For the records below, output word for word the lines from the one with "Das Gimpel oder" up to and including the one with "Hetian Jade Bead". No pictures.

INPUT MATERIAL:
-=-=-

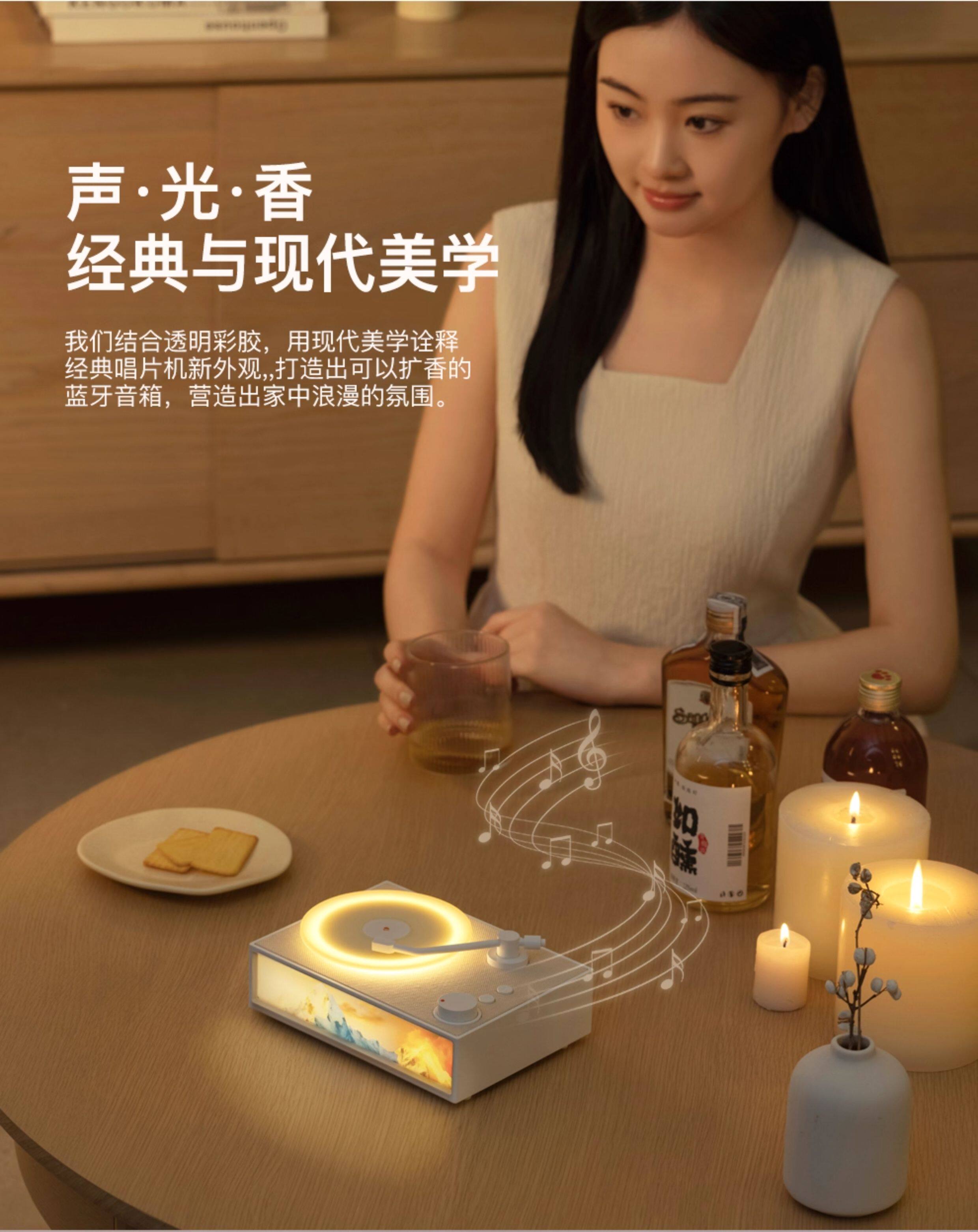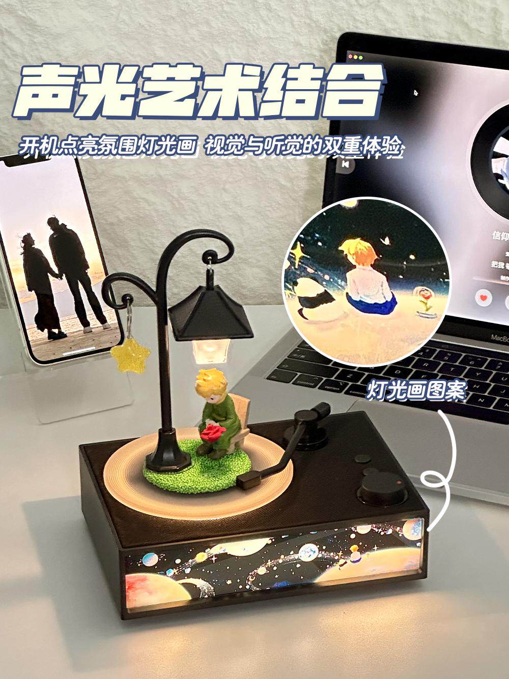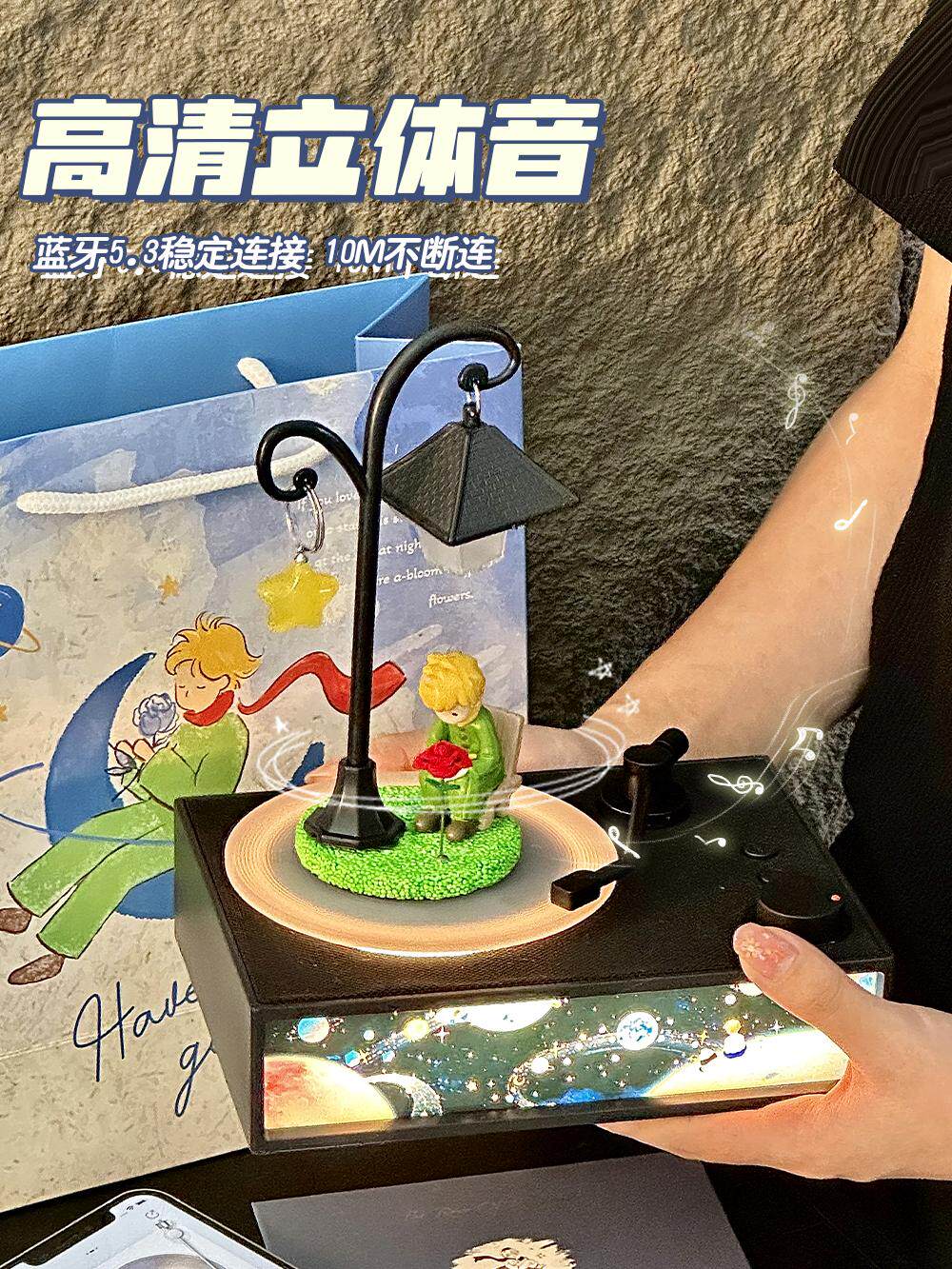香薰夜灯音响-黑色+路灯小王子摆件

-=-=-

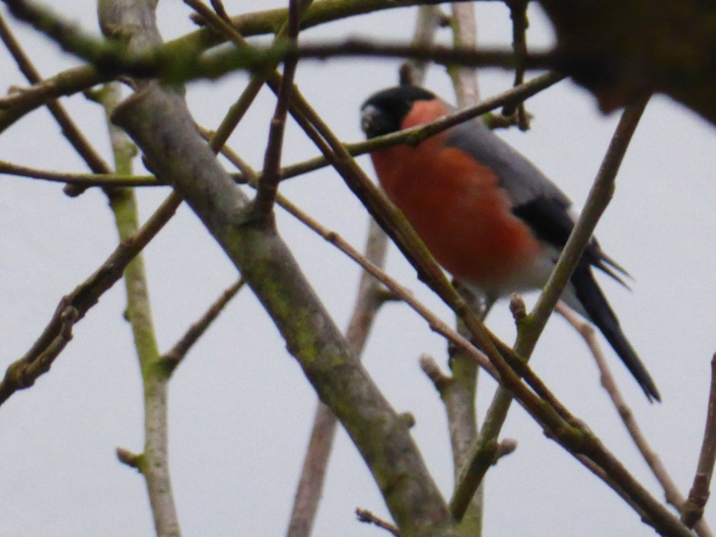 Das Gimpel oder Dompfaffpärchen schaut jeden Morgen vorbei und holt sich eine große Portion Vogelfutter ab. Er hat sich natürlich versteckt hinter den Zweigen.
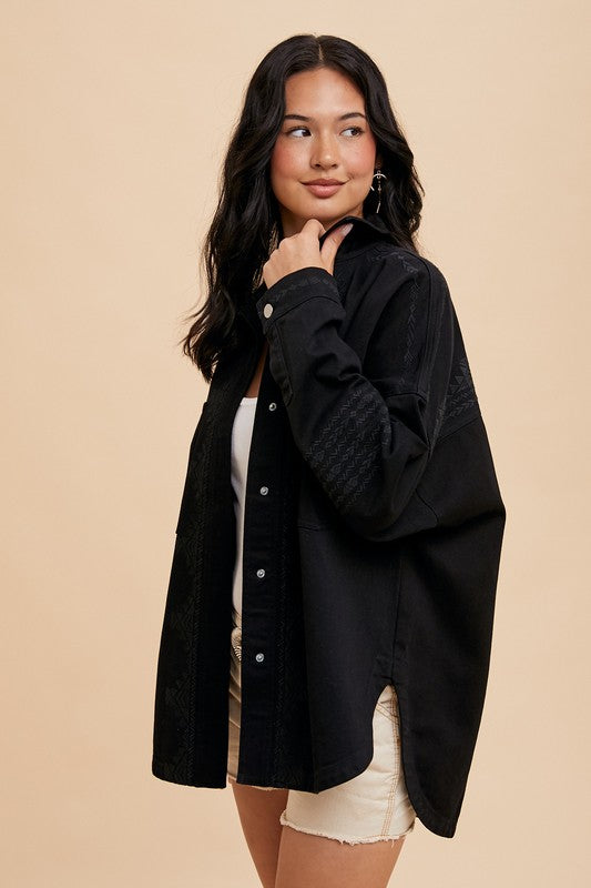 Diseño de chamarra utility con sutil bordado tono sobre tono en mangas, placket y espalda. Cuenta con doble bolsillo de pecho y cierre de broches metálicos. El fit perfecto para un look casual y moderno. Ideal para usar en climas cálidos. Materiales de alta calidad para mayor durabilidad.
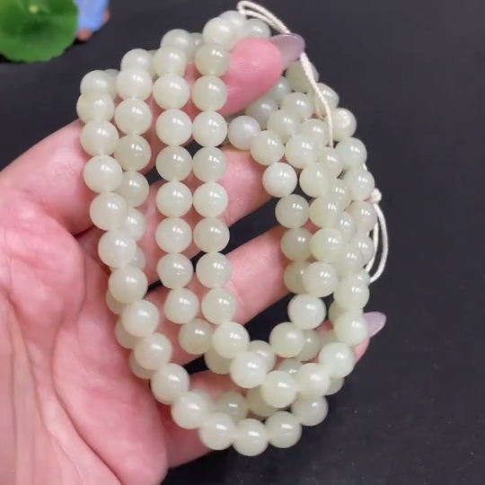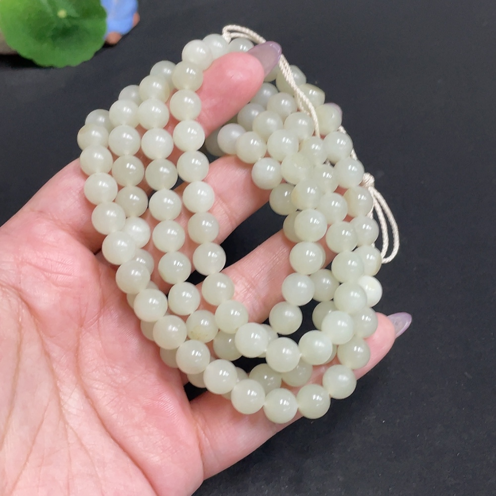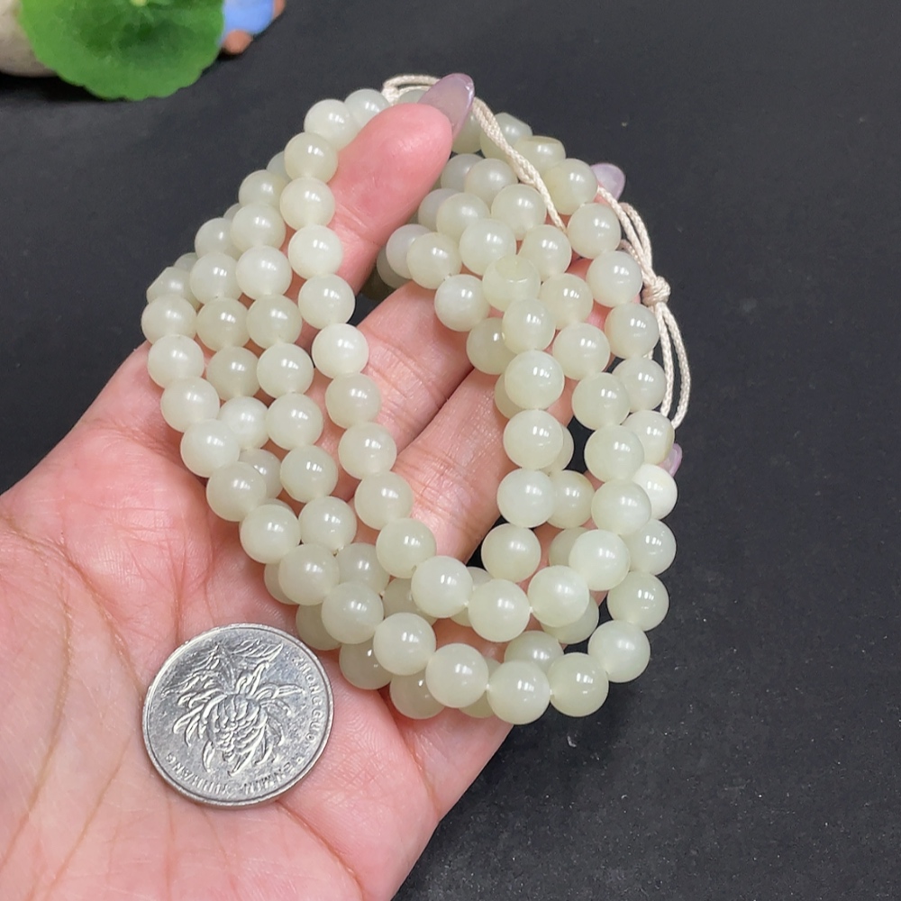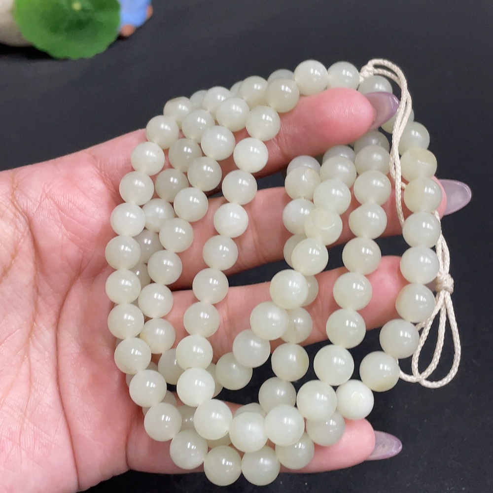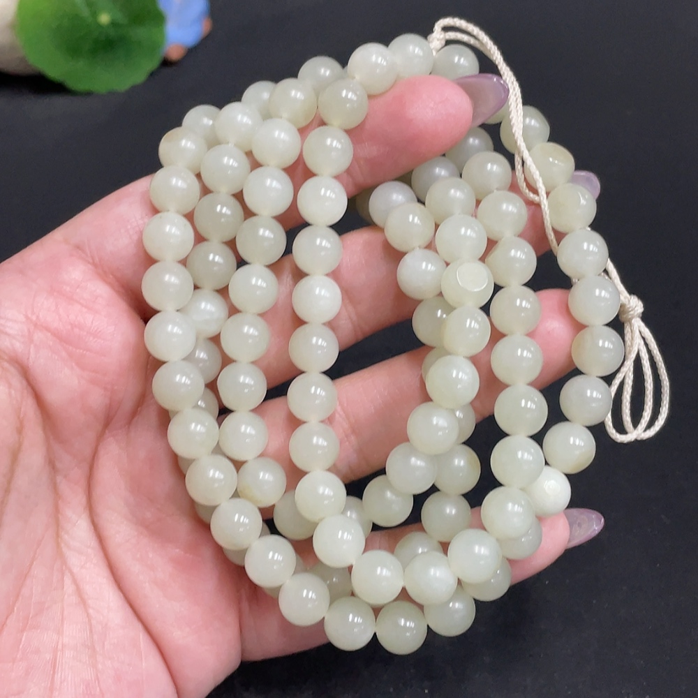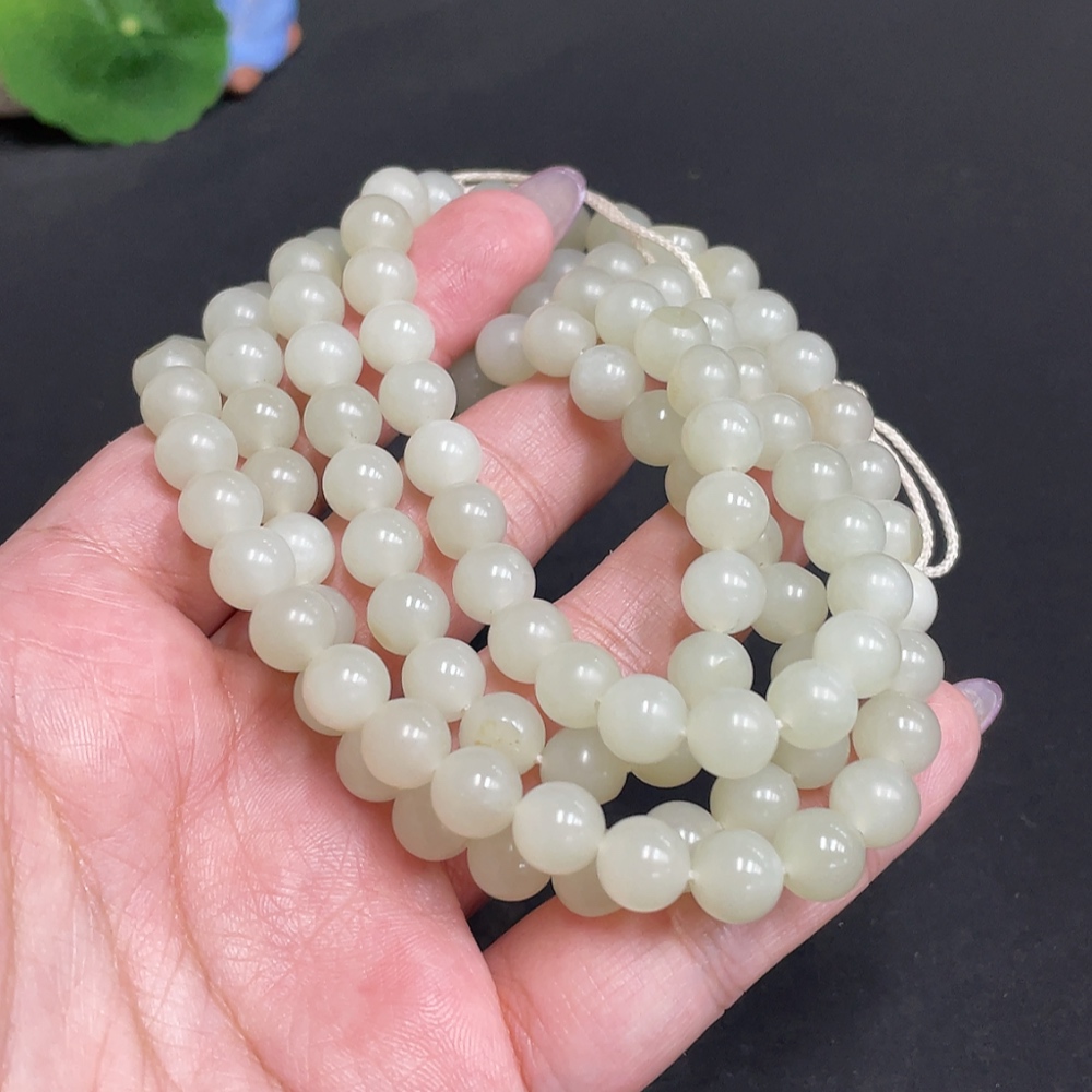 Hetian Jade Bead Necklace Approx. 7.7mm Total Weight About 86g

-=-=-

PROBLEM SOLUTION:
 Das Gimpel oder Dompfaffpärchen schaut jeden Morgen vorbei und holt sich eine große Portion Vogelfutter ab. Er hat sich natürlich versteckt hinter den Zweigen.
 Diseño de chamarra utility con sutil bordado tono sobre tono en mangas, placket y espalda. Cuenta con doble bolsillo de pecho y cierre de broches metálicos. El fit perfecto para un look casual y moderno. Ideal para usar en climas cálidos. Materiales de alta calidad para mayor durabilidad.
 Hetian Jade Bead Necklace Approx. 7.7mm Total Weight About 86g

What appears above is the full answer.